Одна из них велела вырезать себе болван деревянный, так похожий на ее мужа — ну! точно живой, и душой и телом — и день и ночь плакала она и обнимала милый свой болван.
Другая не довольствовалась болваном, но хотела сохранить своего супруга, если не живого, так хоть мертвого: велела набальзамировать его тело и беспрестанно плакала над ним.
Третья и этим не довольствовалась — нет! — она оставила дом свой, поселилась близ гробницы мужа, построила подле нее маленькую келью, обвела гробницу потоком воды и поклялась, что пока будет течь эта вода кругом гробницы, она не перестанет плакать.
Так и пошли дела. Услышали обо всем этом три неженатых красавца; жаль им стало бедных вдов, решились они пойти и постараться их утешить. Пришли к первой — она не пустила их к себе; пришли к другой — она отказалась их видеть; пришли к третьей — она, сквозь окошечко своей кельи, разбранила их и сказала, что если еще раз придут они, то она встретит их палкою.
Видите ли, великая владычица, как любят у нас в Греции? Не по-арабски!"

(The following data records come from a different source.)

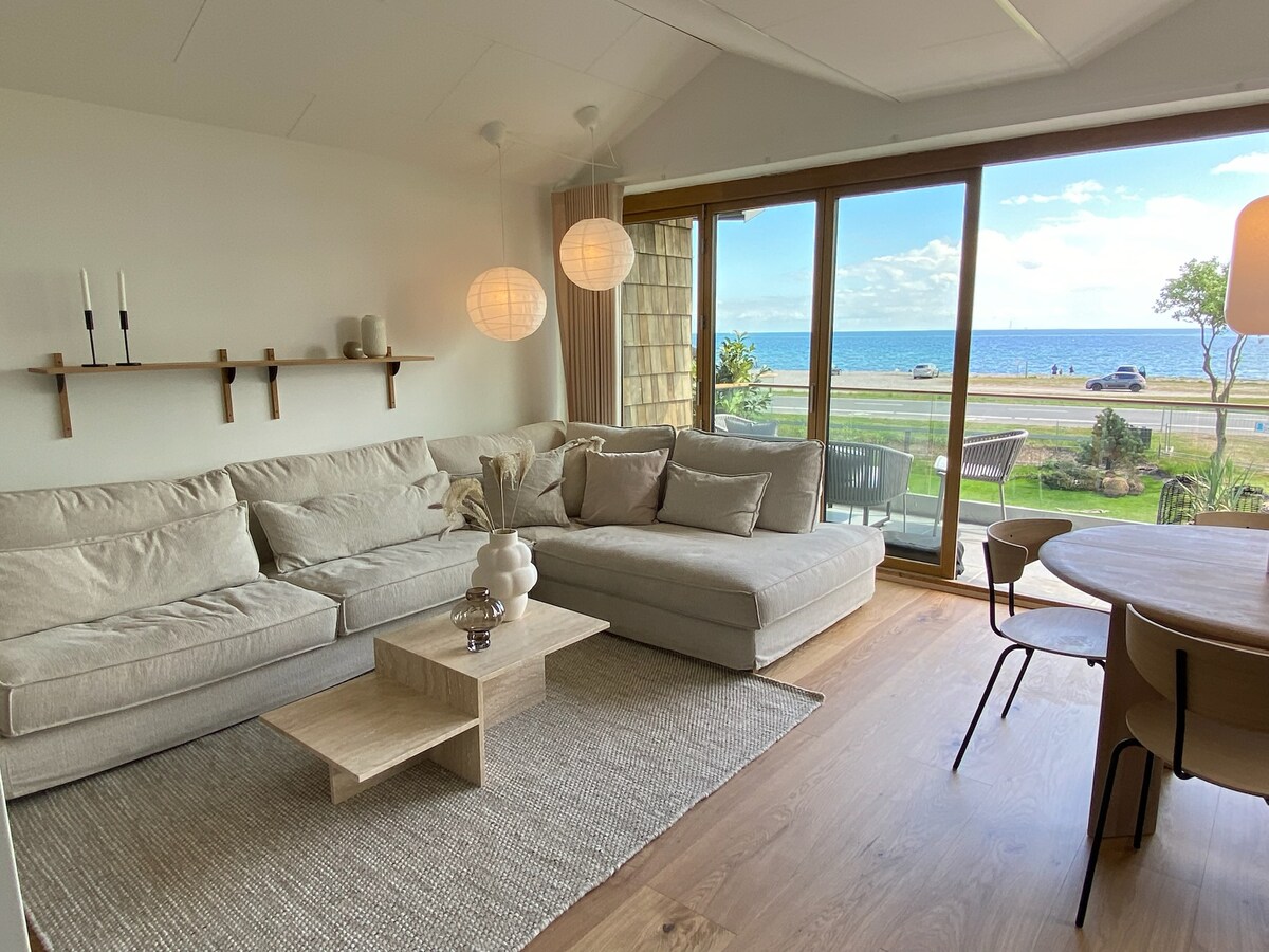 Et stenkast fra stranden ligger den nyopførte ferielejlighed. Fra den rummelige terrasse er der en storslået panoramaudsigt over stranden og bugten. På en klar dag ses Storebæltsbroen tydeligt i horisonten. Det ene soveværelse er udstyret med separat glasparti mod stuen, så du kan nyde havudsigten mod øst uden at stå ud af sengen samt eget badeværelse. Derudover er der et soveværelse mere, et værelse med sovesofa og et badeværelse. Sengene er opredt og der er viskestykker, karklude & håndklæder.
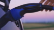 Slow motion shot of a woman's hand plugging an EV plug into her car at charging station at dusk. Shoot in 8K resolution.
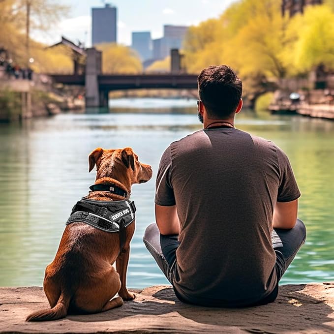 - Easy to Use :This service dog harness designed with quick snap buckles and have a adjustable chest strap,make it easy and secure to put on and take off. Slide the harness over your dog's head, buckle it up, adjust the straps, and here you go! The dog's removable patches are well designed to be easily pasted on the dog's vest,just change the patch then can achieve a vest multi-use.

— Нужели твоя глупая сказка вся тут?
"Нет! если прикажете, я расскажу и окончание, но посмотрите, как сердятся многие, особливо Зюлейка! Если бы неправда была, то не колола бы глаз".
Феофания захохотала.
— Положим, что так, но, продолжай.
"Этакой нрав у женщин, — говорил один красавец, — пока были у них мужья живы, они были к нам ласковы, а как мужья умерли, они и не глядят на нас. Видно, сильна была любовь их, что и нас любили они ради мужей своих". "Слыхал я, — промолвил другой, — будто любовь женщин походит на росу небесную: жива до первого солнышка — взойдет солнышко, и роса высыхает". "Да и что вздумалось нам идти всем троим вместе? — сказал третий. — Утешать идти, так надобно одному быть, и не завидно ли будет нашим вдовушкам, если к одной приходят трое, а двум другим и по одному недостается? Разделимтесь, товарищи; кинем жребий, кому которую утешать достанется". Кинули жребий и отправились. "Кто пришел?" — спросила неутешная вдова, та, у которой был вырезан деревянный болван. "Я". — "Зачем ты пришел?" — "Утешать тебя, прекрасная подруга друга моего". — "Меня утешать? Какое мне утешение; вся моя утеха смотреть на изображение моего покойного мужа любезного, и — плакать!" — "Да чем смотреть на деревянного болвана, лучше посмотри на меня: ведь я очень похож на мужа твоего — точь-в-точь покойник!" — "Неужели? А я в горести моей и забыла об этом". — Вдова отворила окошко, посмотрела на утешителя, в самом деле нашла в нем сходство с покойником, и долго плакали они вместе и разговаривали. На другой день показалось им, что лучше плакать в комнате, нежели в окошко на улицу, где всякий прохожий видит их неутешные слезы, а ведь люди такие злоречивые… На третий день они уж не плакали, а только сидели перед камином и горевали. Не знаю, холодно что ли стало им, камин надобно было растопить получше; сухих дров не случилось — до того ли было этой бедной вдове — думать о дровах! "Ах, если бы камин растопить, — сказал утешитель, — да жаль, дров-то нет". — "А вот, кстати, болван моего милого покойника — какое доброе, сухое дерево — точно сам покойник мой! Он такой был добрый, что, конечно, порадуется, если и по смерти на что-нибудь пригодится". Взяли вдовушка с утешителем бедного болвана, раскололи его и растопили им камин.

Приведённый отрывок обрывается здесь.